Unsatisfactory Simplicity
On its surface, pure Theravada Buddhism seems like an attractive worldview. There is plenty to like about it: it features philosophical simplicity, and its middle path, while restrictive, might seem like a peaceful respite to many who want to escape the hectic everyday world. Unlike the expanded worldviews that are often built on top of Buddhism, it seems that one could argue that there is little to assert as even a potential conflict between the components of Theravada Buddhism.
So why does there seem to be a tendency for almost all cultures that have Buddhist roots to add on additional layers of complexity, such as savior-like Bodhisattvas, various other similar concepts or even the elevation of merit making? Why not keep the system simple and focused on the self? Yet, while this might seem a bit puzzling at first, as anthropologists and other observers of such things will note, Buddhism has not appeared in any substantial fashion within a society without the addition of elements that start sounding like ideas from theistic religions. More correctly stated, the composite religion of most Buddhists is quite theistic, or at least, animistic, indeed.
It would seem that the philosophical system that focuses on eliminating unsatisfactory beliefs, is, in fact, unsatisfactory. Why would this be? Perhaps one can argue that we should return to the idea that humans have some kind of innate desire for the supernatural. We could follow Freud’s line of thought and suggest that this originates from some kind of primeval neurosis or we could follow the ideas of C.S. Lewis and argue that God has placed natural law within us that causes us turn and look for the One beyond the Many. At any rate, we do seem to have a hardwired need to have someone save us.

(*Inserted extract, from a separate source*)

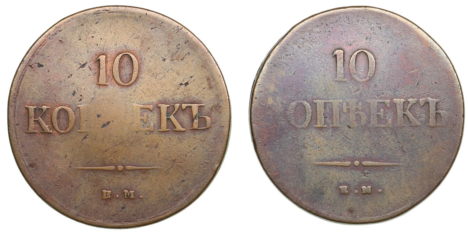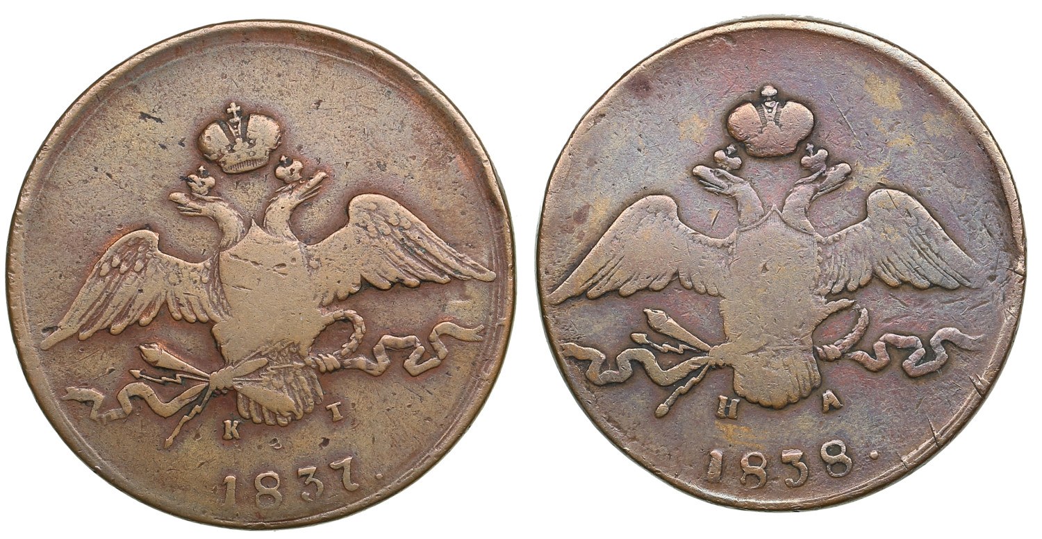 Mixed condition. Sold as-is, no returns. Included: 10 Kopecks 1837 EM-KT, 1838 EM-HA.

As I wrote in a past consideration of savior figures (not presently available online, although I should remedy that), “people need the hope of a solution to the problems that plague everyday life, those problems that have no clear answer.” While the Buddha offers what appears to be help for the realization of life’s “unsatisfactoriness,” it is an introspective solution that still leaves the actual saving to the individual. The Buddha is what I would term a “philosophical savior” – he may provide “right thinking,” but the individual receives no substitionary assistance against the sea of troubles that rushes toward him or her. As an American monk, in the classic video series the Long Search with Ronald Eyre, explained, it is all about looking in one’s self. This is comforting to some extent, for we do like the idea of accomplishing our own salvation, but at the same time we seem to sense that we cannot do what needs to be done. If everything depends on me, it seems that I may be in trouble, especially if it is a mental process on which my fate hinges.
Therefore, it seems reasonable that those shown a system like Buddhism may find the simplicity of its system worth trying to adopt, but cannot face dukka, if we wish to call it that, or “the fall,” in Christian terminology, without a life preserver thrown our way. If we acknowledge that there is a cohesive order of some sort in the universe, be it God or the Void, it just seems logical to acknowledge that there must be some help outside ourselves unless the universe is just a cruel joke. We should not ignore the possibility that the universe is a cruel joke, or simply completely gratuitous, but if one has reached the point of acknowledging that a religion offers the key to understanding life, the universe and everything, it seems that we have already moved past the idea that there is no hope at all.
The question I would ask is this: can anyone truly eliminate the belief in a savior completely? As an atheist, C.S. Lewis was angry with God for not existing; that is, even when he did not believe, he believed enough to place the blame on God. I suspect most people who do not acknowledge a belief in a savior, still have someone or something in mind that serves a scapegoat; however they do not acknowledge it to others, or perhaps even themselves. While I am not a Buddhist monk, and cannot know what goes on in a monk’s mind, I wonder if it isn’t something like the mindset of the Deists. As Deists believed that their good works would, in the end, tip the cosmic scale of justice in their favor despite acknowledging failing to be perfectly good, I suspect that many Buddhists may realize they cannot eliminate desire, for even the desire to eliminate desire is a desire, but hope that they will be “desire-less enough” to accomplish their goal. In either case, there is an unmentioned component to the hope. Despite acknowledging an absolute standard, we start to figure that in our cases, the rules will surely be bent just a little. Once we reach this point, there is an assumed savior, for anything that bends the rules for us would be, by definition, someone saving us – a savior.
In the end, no matter how we try to work it out, we come back to this need to be saved. I would submit that the unsatisfactoriness of our own efforts is precisely why Theravada Buddhism does not generally exist “in the wild” without being combined with other spiritual beliefs that help with this need.